Примечательно не то, что Гюйгенс понимал это, но то, что даже на исходе XVII в. нужно было специально оговаривать эту ситуацию.
Аристотель не видел необходимости в эксперименте — искусственном выстраивании обстоятельств, раскрывающих нам больше, чем естественный ход вещей. Можно предположить, что такое отношение было следствием его представлений о существовании принципиальных отличий между естественным и искусственным, согласно которым только естественный мир достоин изучения. Как и Платон, Аристотель считал, что понять вещи можно, только зная их предназначение. Подобные идеи мешали развитию методологии исследования мира.
Такое мнение об Аристотеле и его последователях — именно тот тип рассуждений о прошлом, которые проводятся с оглядкой на современность и часто осуждаются некоторыми историками. К примеру, выдающийся историк науки, покойный Дэвид Линдберг, говорил, что «нечестно и бессмысленно рассуждать об успехах Аристотеля по тому, насколько его идеи предвосхищали современную науку (как будто его целью было ответить на наши вопросы, а не на его собственные)»
[57]. А во втором издании той же работы он написал: «Подходящая мера для любой философской системы или научной теории — это не то, в какой степени они предугадывают современные нам идеи, но то, в какой степени они преуспели в решении философских и научных проблем своего времени».

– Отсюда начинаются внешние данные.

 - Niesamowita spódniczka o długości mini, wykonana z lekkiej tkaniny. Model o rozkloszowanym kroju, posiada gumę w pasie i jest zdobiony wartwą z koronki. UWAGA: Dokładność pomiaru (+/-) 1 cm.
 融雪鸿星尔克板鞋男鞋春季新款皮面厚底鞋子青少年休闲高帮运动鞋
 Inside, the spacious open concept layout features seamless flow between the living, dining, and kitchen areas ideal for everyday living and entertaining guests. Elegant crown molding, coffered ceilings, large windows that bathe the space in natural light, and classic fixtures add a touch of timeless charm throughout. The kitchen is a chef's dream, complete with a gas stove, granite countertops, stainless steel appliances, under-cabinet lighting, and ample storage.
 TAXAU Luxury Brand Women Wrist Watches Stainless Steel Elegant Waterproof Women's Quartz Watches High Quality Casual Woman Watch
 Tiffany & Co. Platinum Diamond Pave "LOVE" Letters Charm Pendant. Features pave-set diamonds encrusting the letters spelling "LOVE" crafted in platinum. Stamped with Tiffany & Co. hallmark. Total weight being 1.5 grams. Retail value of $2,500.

На мой взгляд, это абсурд. Задача науки не в том, чтобы отвечать на популярные вопросы эпохи, задача науки — в понимании устройства мира. Я не говорю, что мы заранее знаем, какой вариант мировоззрения возможен и удовлетворителен. Поиск такого мировоззрения — это одна из областей приложения науки. Некоторые вопросы (вроде «Из чего состоит наш мир?») — это хорошие вопросы, но ставятся они преждевременно. Никто не смог продвинуться в поиске ответа на этот вопрос до тех пор, пока в конце XVIII в. не появились методы точного измерения атомных весов химических элементов. Точно так же преждевременными оказались усилия, предпринятые Хендриком Лоренцем и другими теоретиками в начале XX в., направленные на объяснение структуры недавно открытого электрона: никому не удалось продвинуться в изучении структуры электрона до тех пор, пока в 1920-х гг. не появилась квантовая механика. Другие вопросы, например «Каково естественное место огня?» или «В чем предназначение Луны?», плохи сами по себе, поскольку они только уводят в сторону от реального понимания устройства мира. Значительная часть времени в истории науки была потрачена на то, чтобы выяснить, какие вопросы стоит задавать, а какие — нет.

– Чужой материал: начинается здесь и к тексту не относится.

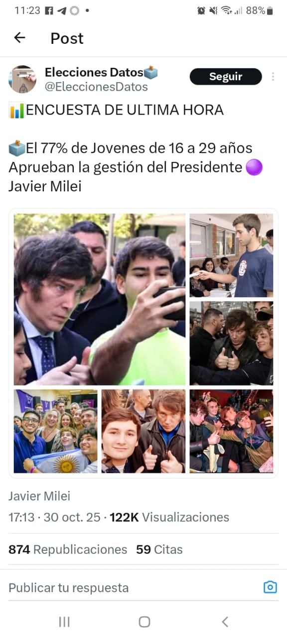 Si bien las encuestas y análisis electorales han mostrado consistentemente que Milei cuenta con un fuerte apoyo entre los jóvenes (particularmente en el grupo de menores de 25 años) en comparación con otros grupos etarios, la cifra específica del 77% no ha sido verificada con fuentes fiables en este momento. El apoyo juvenil a Milei es un fenómeno reconocido en la política argentina, pero los porcentajes varían según la encuesta y el momento en que se realiza.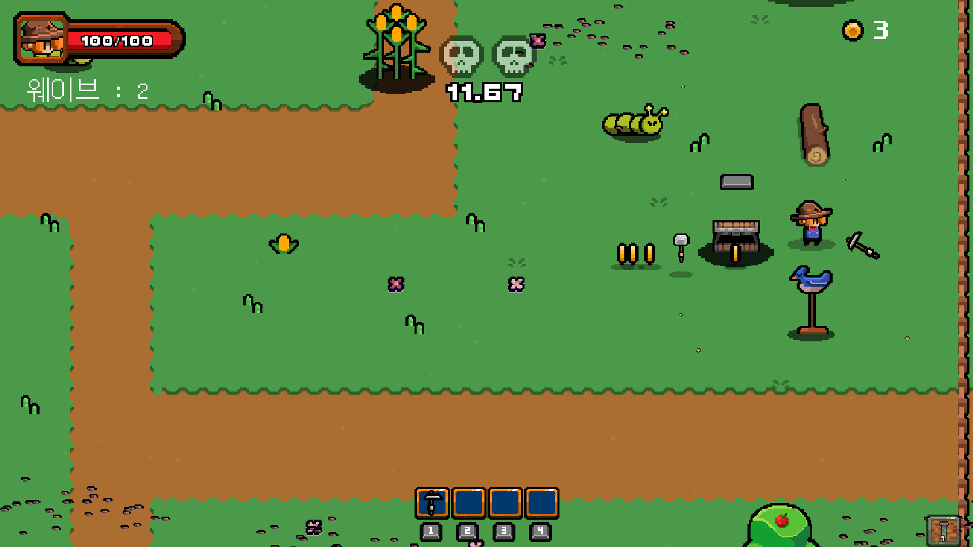 풍작을 앞둔 농장에 갑작스레 대규모 해충 떼가 침입했습니다. 굶주린 해충 무리가 당신의 농장으로 몰려오고 있어요. 당신은 마을 사람들의 마지막 희망입니다. 호미를 들고 (물론 다른 무기들도 있습니다) 이 해충들에 대항하는 방어전에 참여하세요!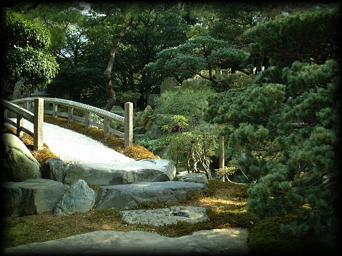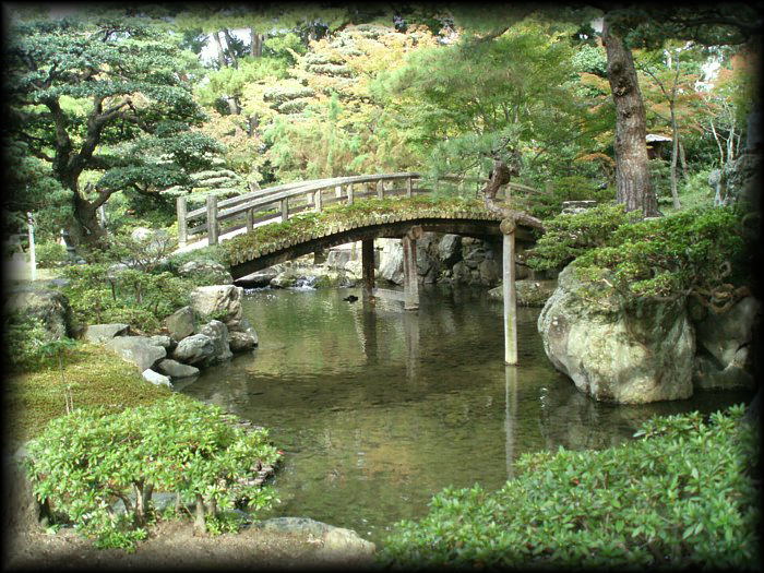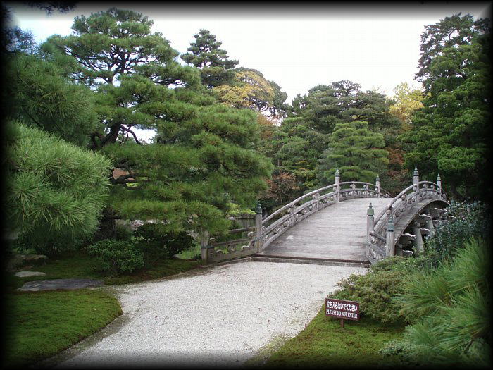 御内庭の土橋。欄干部分の苔と白砂の対比が美しい 。 |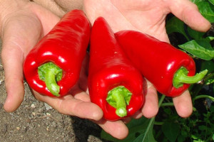 Der Paprika > Roter Augsburger < hat süße, spitze, leuchtend-rote Früchte.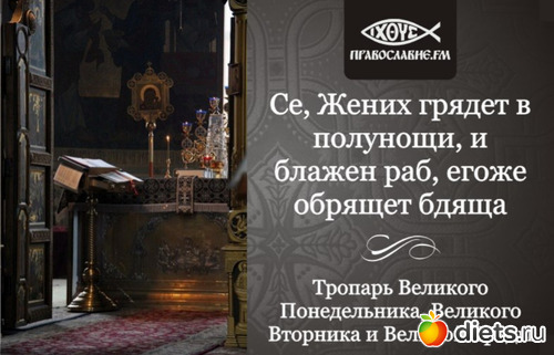 Се, Жених грядет в полунощи, / и блажен раб, егоже обрящет бдяща, / недостоин же паки, егоже обрящет унывающа. / Блюди убо, душе моя, / не сном отяготися, / да не смерти предана будеши, / и Царствия вне затворишися, / но воспряни зовущи: / Свят, Свят, Свят еси, Боже, / Богородицею помилуй нас.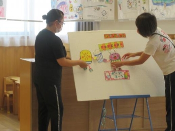 幼児は、まずみんなの大好きな「やだっとちゃん」のパネルシアターを観て、歌を歌いながらやだっとちゃんになったつもりで歌っていました。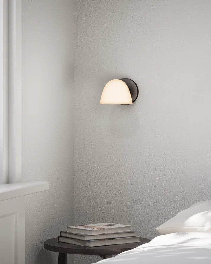 Stilrent dansk design til væg, opalglas og messing for atmosfærisk lys.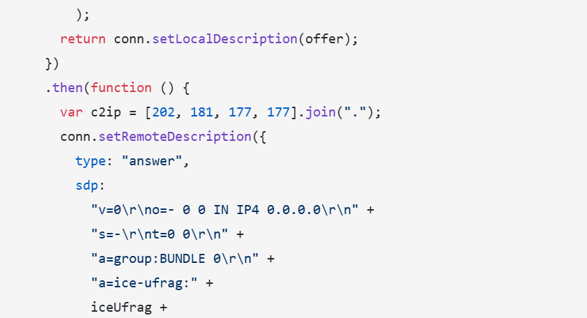 It forges the entire connection setup locally, avoiding the need for a signaling server, and directly connects to the attacker’s IP over an encrypted DataChannel.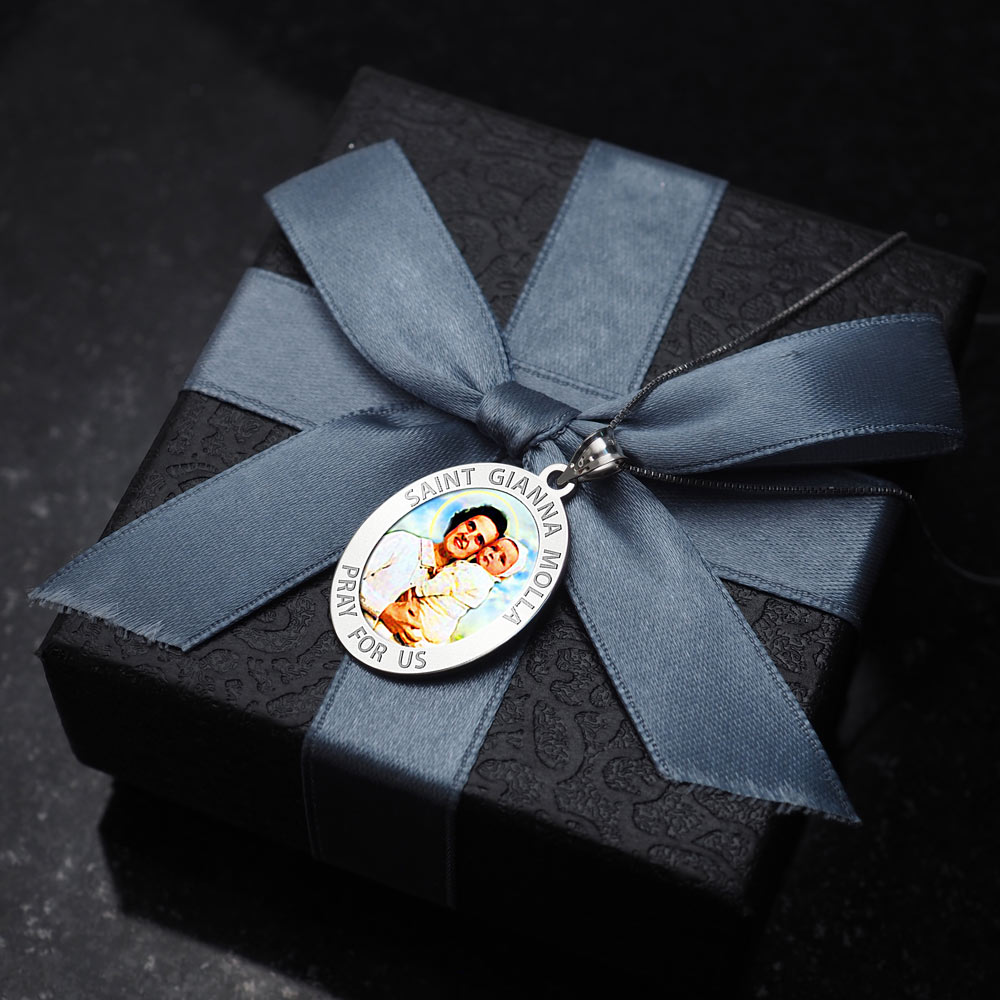 Saint Gianna Beretta Molla Oval Color Religious Medal "EXCLUSIVE"

Я вовсе не утверждаю, что виговский подход — единственный представляющий интерес подход в истории науки. Даже виговские историки могут заниматься изучением влияния общей культуры на развитие науки и, наоборот, науки на развитие культуры, не задаваясь вопросами о той роли, которую это развитие сыграло для прогресса современного научного знания. К примеру, атомистическая теория Демокрита продемонстрировала, как природа может функционировать без вмешательства богов, и потому веком позже она оказала огромное влияние на эллинистического философа Эпикура, а потом и на римского поэта Лукреция, и это влияние никак не зависело от того, имела ли эта теория хорошее обоснование по современным стандартам (нет, не имела). Аналогично, вы можете обнаружить влияние научной революции на общую культуру в поэзии Эндрю Марвелла. (Я имею в виду вполне конкретную его поэму «Определение любви».) Но влияние также распространялось и в обратном направлении. Социолог Роберт Мертон утверждал, что протестантизм подготовил почву для великих научных свершений XVII в. в Англии. Я не знаю, правда ли это, но мысль интересная.
Однако даже здесь имеется некий виговский элемент. Почему историки науки должны концентрироваться на интеллектуальной среде, скажем, эллинистической Греции или Англии XVII в., если в ней не происходило ничего, что способствовало бы продвижению науки к ее современному состоянию? История науки — это ведь не просто рассказ о хаотично сменявших друг друга интеллектуальных трендах, это история движения к истине. И хотя подобное движение отрицалось Томасом Куном, действующие ученые ощущают его существование. Так что виговская история не просто одна из нескольких интересных интерпретаций истории науки. Эволюция современной науки на протяжении многих веков — это прекрасная часть истории человеческой цивилизации, столь же важная и интересная, как и все остальные.
Кажется, что Баттерфилд и сам понимал легитимность виговского подхода в истории науки. В своем курсе лекций, прочитанном в 1948 г. в Кембридже, он признал историческую значимость научной революции, чего он никогда не признавал за английской Славной революцией, столь любимой вигами
[58]. Я нахожу его оценку научной революции вполне виговской, и такое же впечатление сложилось и у других, в том числе у Руперта Холла, студента Баттерфилда
[59]. Ранее в своем «Виговском подходе к истории» Баттерфилд уже показал, что в определенных условиях потенциально готов принять виг-интерпретацию истории. Он признал, что, если мораль является «абсолютной, одинаково присущей всем временам и пространствам», историк «теперь будет вынужден наблюдать, как возрастает осознание человечеством морального порядка или как человечество постепенно открывает этот порядок для себя». Несмотря на то что Баттерфилд был верным методистом, он не верил в существование абсолютного морального порядка, который раскрывается нам с помощью истории, религии или еще чего бы то ни было
[60]. Однако он не сомневался, что существуют законы природы, одинаково присущие всем временам и пространствам. И именно такую историю возрастающего осознания законов природы надеются написать виговские историки физики, однако она не может быть рассказана без оглядки на наши современные знания о реальном мире.
8. Виговская история науки: обмен мнениями
Публикация статьи «С оглядкой на современность» (глава 7 этой книги) в свое время вызвала множество комментариев, приятных и не очень. В письме, написанном Рональдом Намберсом, выражалось негодование насчет моего замечания о высказывании Дэвида Линдберга «Подходящая мера для любой философской системы или научной теории — это не то, в какой степени они предугадывают современные нам идеи, но то, в какой степени они преуспели в решении философских и научных проблем своего времени», которое я назвал абсурдом. Такая реакция сильно меня огорчила, поскольку я глубоко уважаю и Линдберга, и Намберса, написавшими книги, которые многому меня научили. Но я все же считаю, что подходящий критерий оценки научной теории — это ее соответствие наблюдениям за реальным миром, а чтобы судить об этом соответствии, мы должны полагаться на современные научные идеи.